* Work to complete:
The answer must consist only of the lines in the records below from the line with "SUPOR steamer 304" to the line with "Ten piękny granatowy", both included, copied word for word with every picture left out.

* Excerpted data:
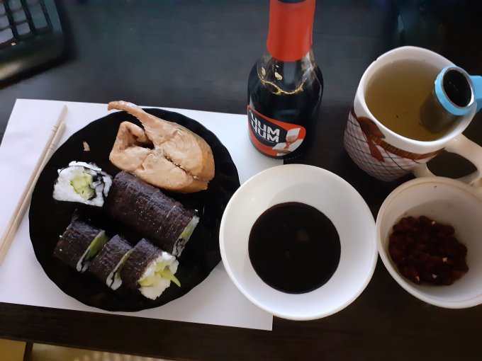 Обед: хосомаки (суши-ролл с одним огурцом), рыба красная (кета на
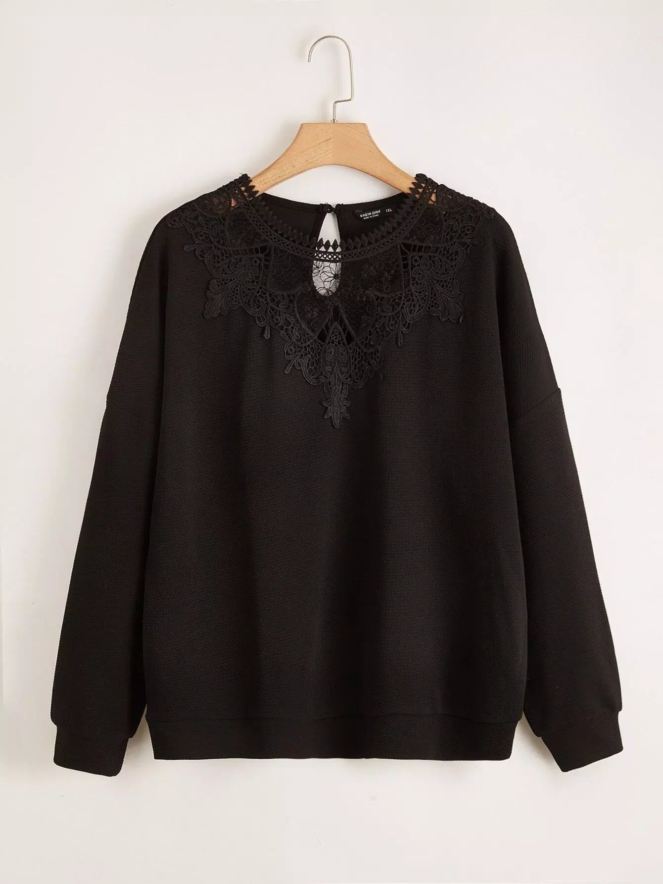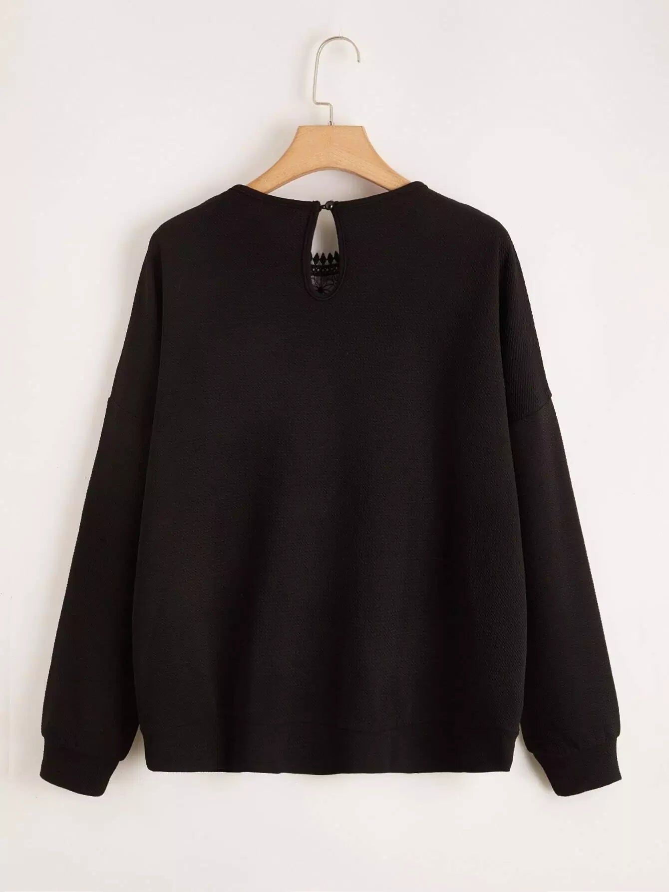 نحيف - مقاس كبير سويت شيرت بأكتاف منسدلة ودانتيل متباين
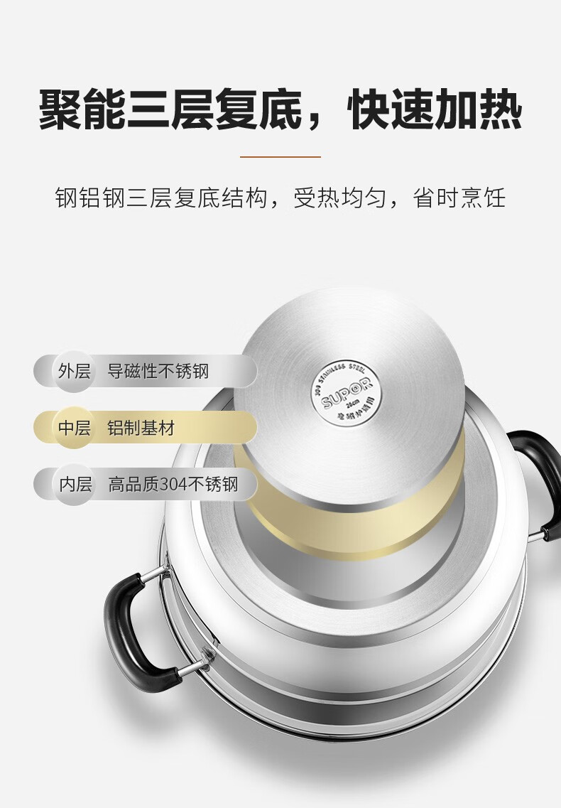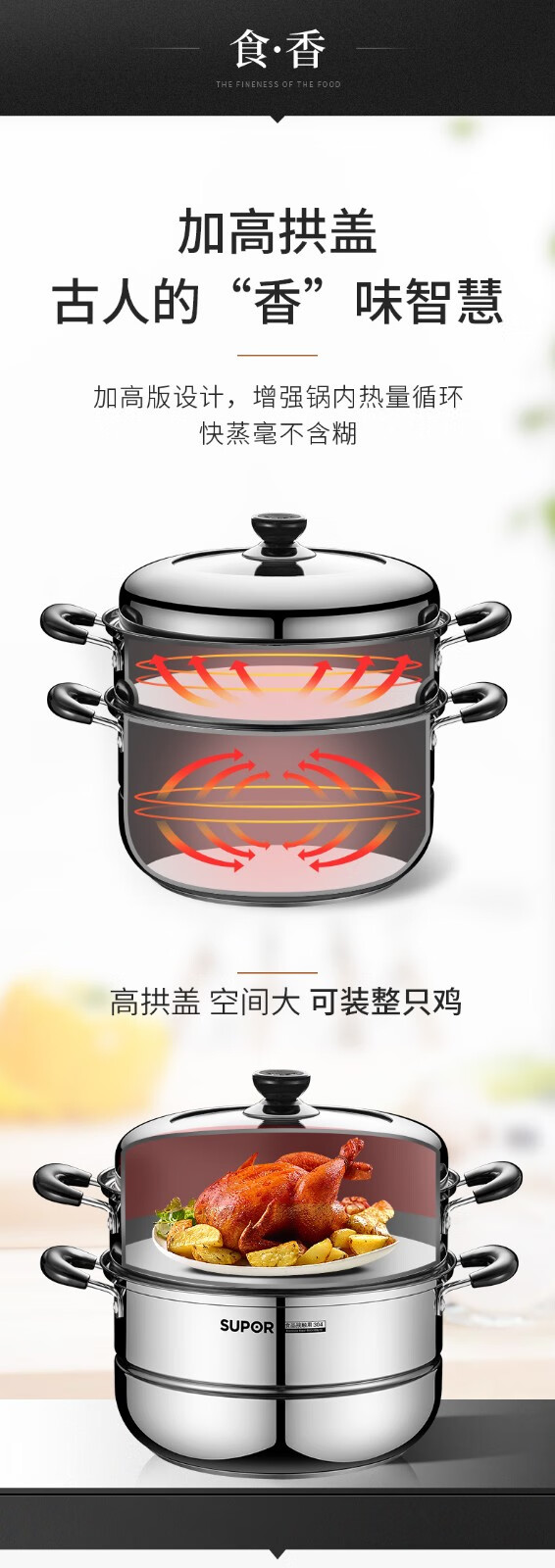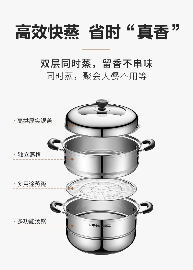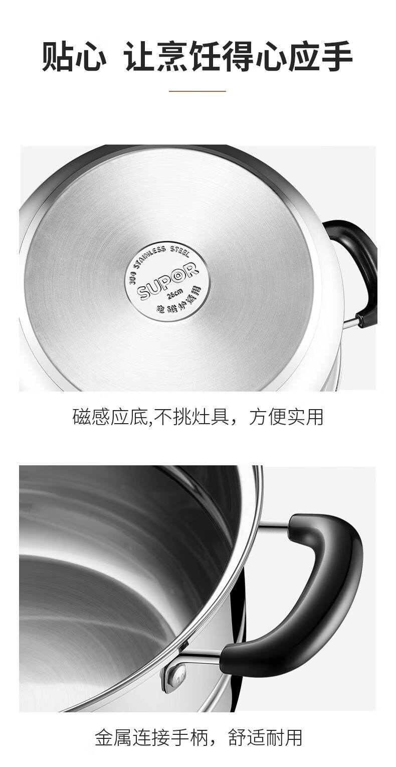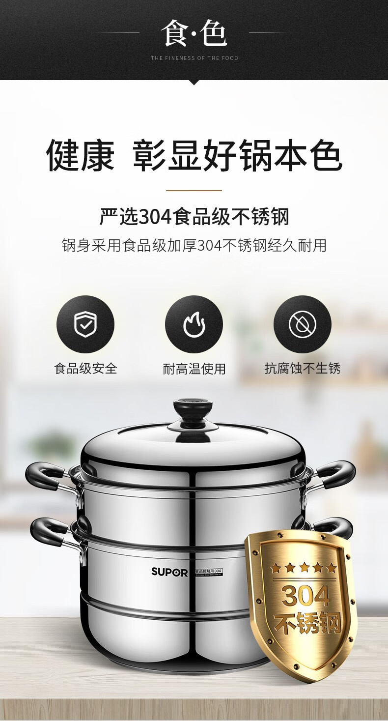 SUPOR steamer 304 stainless steel double-layer double-bottom soup pot steamer large capacity high arch lid pot induction cooker gas universal high arch lid double layer diameter 28cm
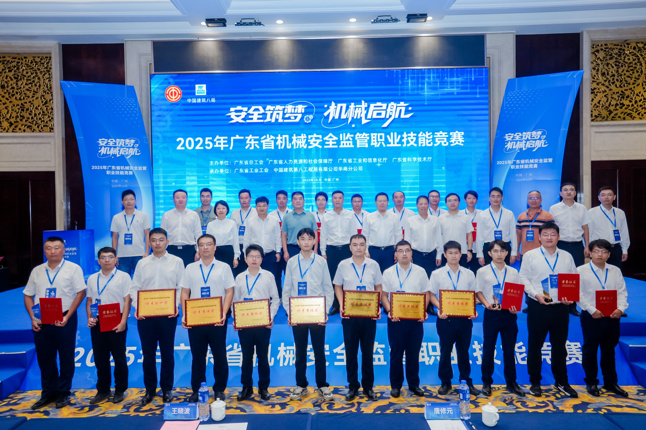 10月16日,2025年广东省机械安全监管职业技能竞赛在广州东部公铁联运枢纽一期SG04标项目举行。本次竞赛由广东省总工会、广东省人力资源和社会保障厅、广东省工业和信息化厅、广东省科学技术厅联合主办,广东省工业工会、中建八局华南公司工会共同承办,为全省建筑机械安全领域搭建起“以赛促学、以赛验技”的专业竞技平台。广东省工业工会领导以及比赛选手、一线职工代表等140余人参加活动。
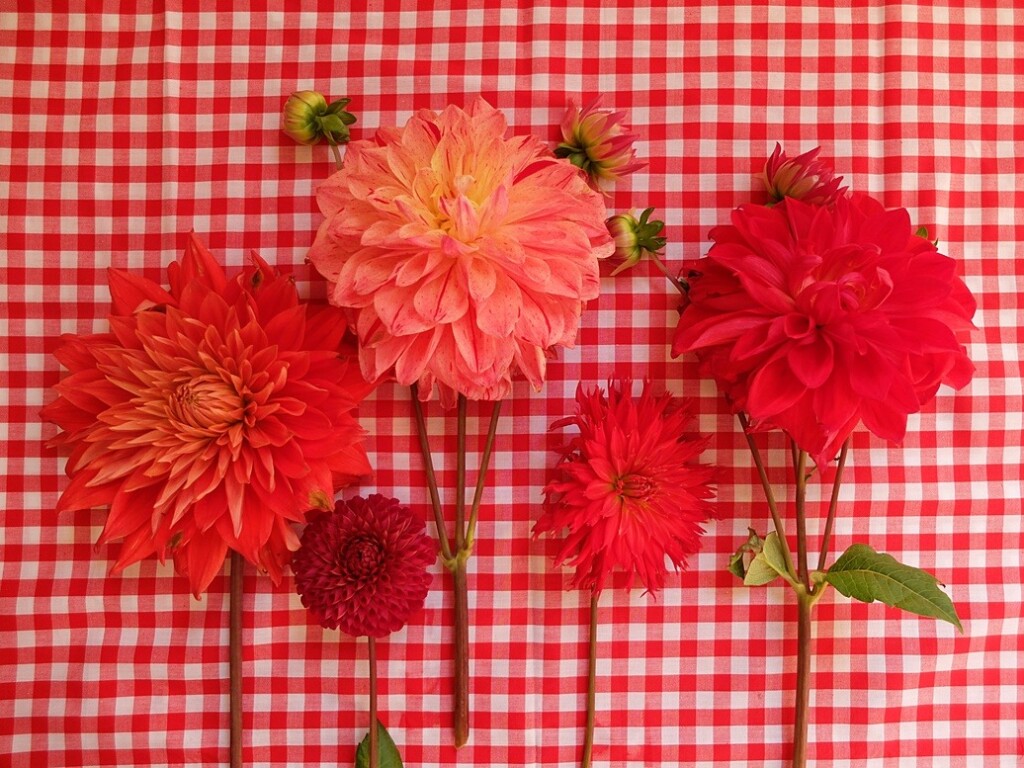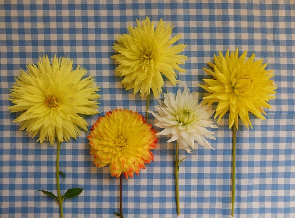 Vorige week plukte ik in een pluktuin een lading Dahlia’s. Tijdens een kopje koffie zat ik er zo eens naar te kijken. “Dat vraagt om een ruitje”, vond ik.
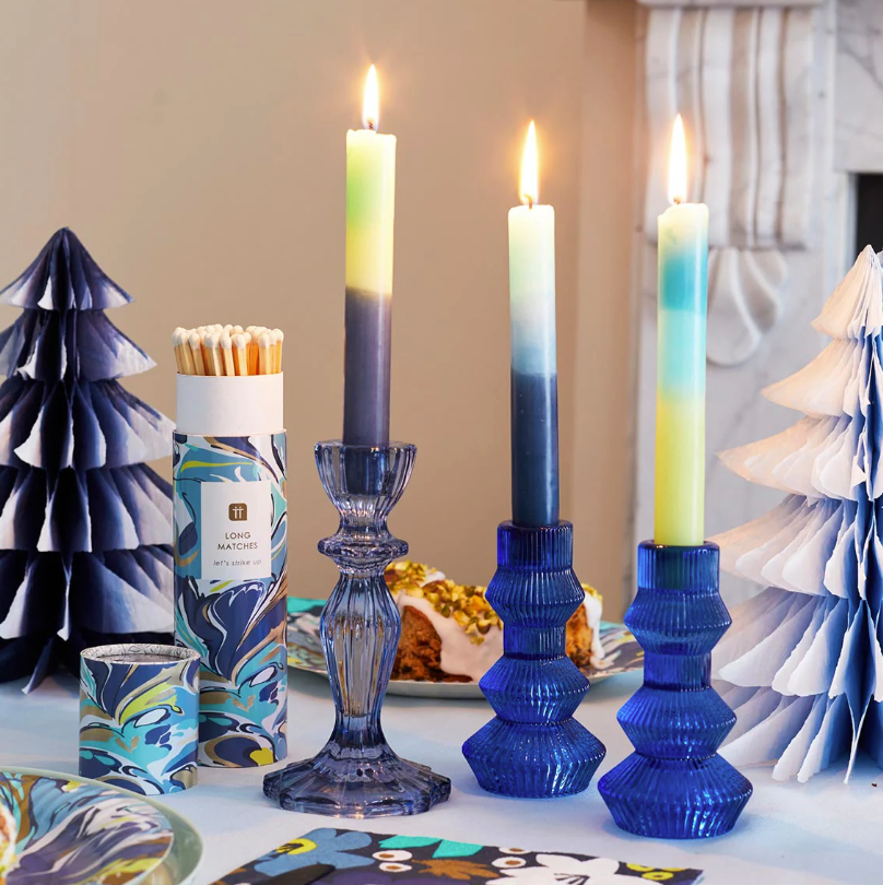 Ten piękny granatowy świecznik doda Twojemu wnętrzu odrobiny wyrafinowania i stylu. To elegancki akcent, który doskonale uzupełni kolekcję dekoracji stołowych i dodatków do domu. Szklany świecznik prezentuje się wyjątkowo sam w sobie, ale w połączeniu z innymi świecznikami w różnych kolorach lub z wazonikami na pojedyncze kwiaty stworzy efektowną kompozycję — idealną jako centralna ozdoba stołu.
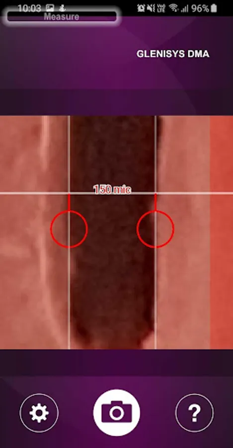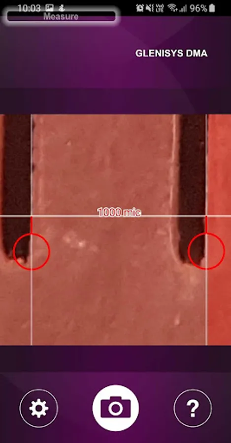 Measure: tool to measure general printed materials in micrometer range using stand and/or magnification lens. Photo is taken manually. Sharpest photo is selected based on more photos. During evaluation two reference point can be set by single click. Zoom is possible with red stripe on the right side of the picture. Reference value can be set up using single click on measurement value.
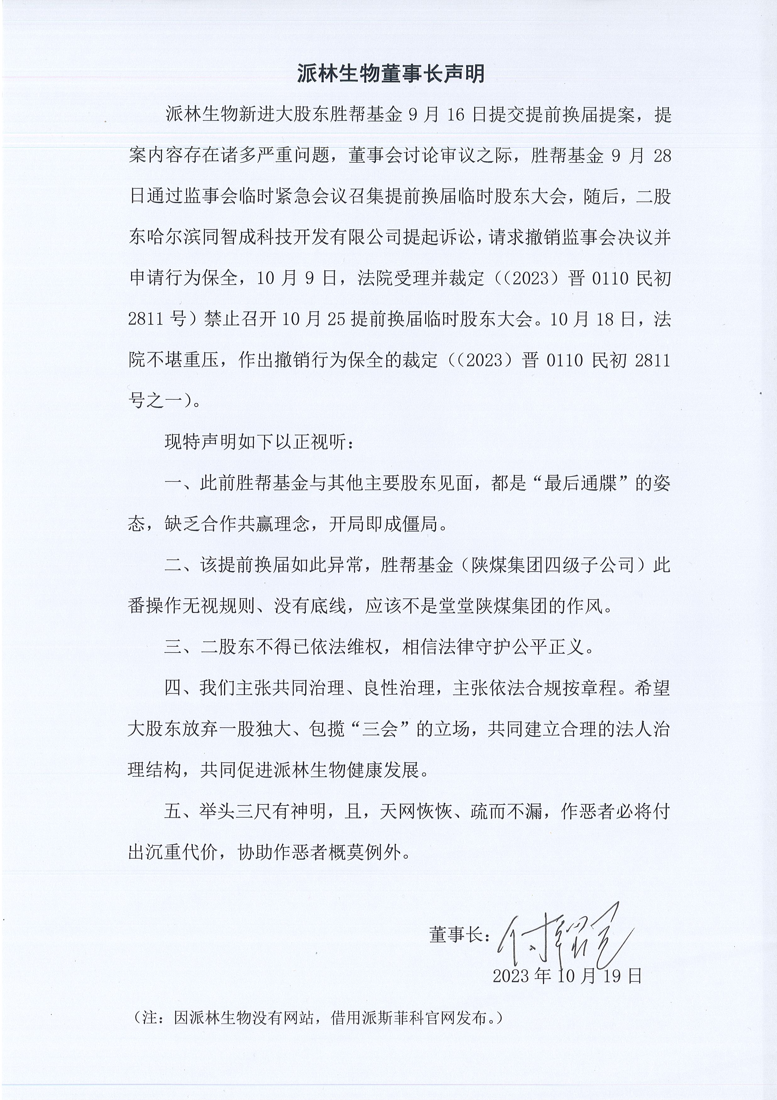 付紹蘭在聲明中表示,一、此前勝幫基金與其他主要股東見面,都是“最后通牒”的姿態(tài),缺乏合作共贏理念,開局即成僵局;二、該提前換屆如此異常,勝幫基金(陜煤集團四級子公司)此番操作無視規(guī)則、沒有底線,應(yīng)該不是堂堂陜煤集團的作風(fēng);三、二股東不得已依法維權(quán),相信法律守護公平正義;四、我們主張共同治理、良性治理,主張依法合規(guī)按章程。希望大股東放棄一股獨大、包攬“三會”的立場,共同建立合理的法人治理結(jié)構(gòu),共同促進派林生物健康發(fā)展;五、舉頭三尺有神明,且,天網(wǎng)恢恢、疏而不漏,作惡者必將付出沉重代價,協(xié)助作惡者概莫例外。
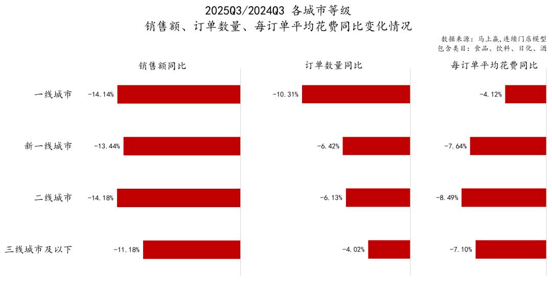 马上赢品牌CT的线下零售监测网络覆盖了全国县级以上各等级城市(不含乡、镇、村),并深度覆盖全国核心城市群。我们拉取了各城市等级的2025Q3相关数据,并进行同比情况的观察。
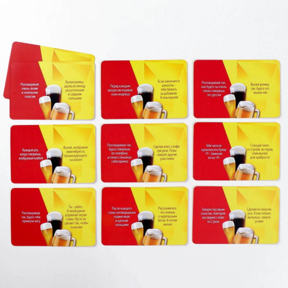 Чтобы было ещё веселее, перед началом игры вытягивайте бонусные карточки! На них указано условие, которому вы должны следовать. На второй половине карточки размещено задание, которое нужно выполнить, если угадать слово не удастся. Разговаривайте нараспев, выпивайте и веселитесь!

* Reply to the task:
 SUPOR steamer 304 stainless steel double-layer double-bottom soup pot steamer large capacity high arch lid pot induction cooker gas universal high arch lid double layer diameter 28cm
 10月16日,2025年广东省机械安全监管职业技能竞赛在广州东部公铁联运枢纽一期SG04标项目举行。本次竞赛由广东省总工会、广东省人力资源和社会保障厅、广东省工业和信息化厅、广东省科学技术厅联合主办,广东省工业工会、中建八局华南公司工会共同承办,为全省建筑机械安全领域搭建起“以赛促学、以赛验技”的专业竞技平台。广东省工业工会领导以及比赛选手、一线职工代表等140余人参加活动。
 Vorige week plukte ik in een pluktuin een lading Dahlia’s. Tijdens een kopje koffie zat ik er zo eens naar te kijken. “Dat vraagt om een ruitje”, vond ik.
 Ten piękny granatowy świecznik doda Twojemu wnętrzu odrobiny wyrafinowania i stylu. To elegancki akcent, który doskonale uzupełni kolekcję dekoracji stołowych i dodatków do domu. Szklany świecznik prezentuje się wyjątkowo sam w sobie, ale w połączeniu z innymi świecznikami w różnych kolorach lub z wazonikami na pojedyncze kwiaty stworzy efektowną kompozycję — idealną jako centralna ozdoba stołu.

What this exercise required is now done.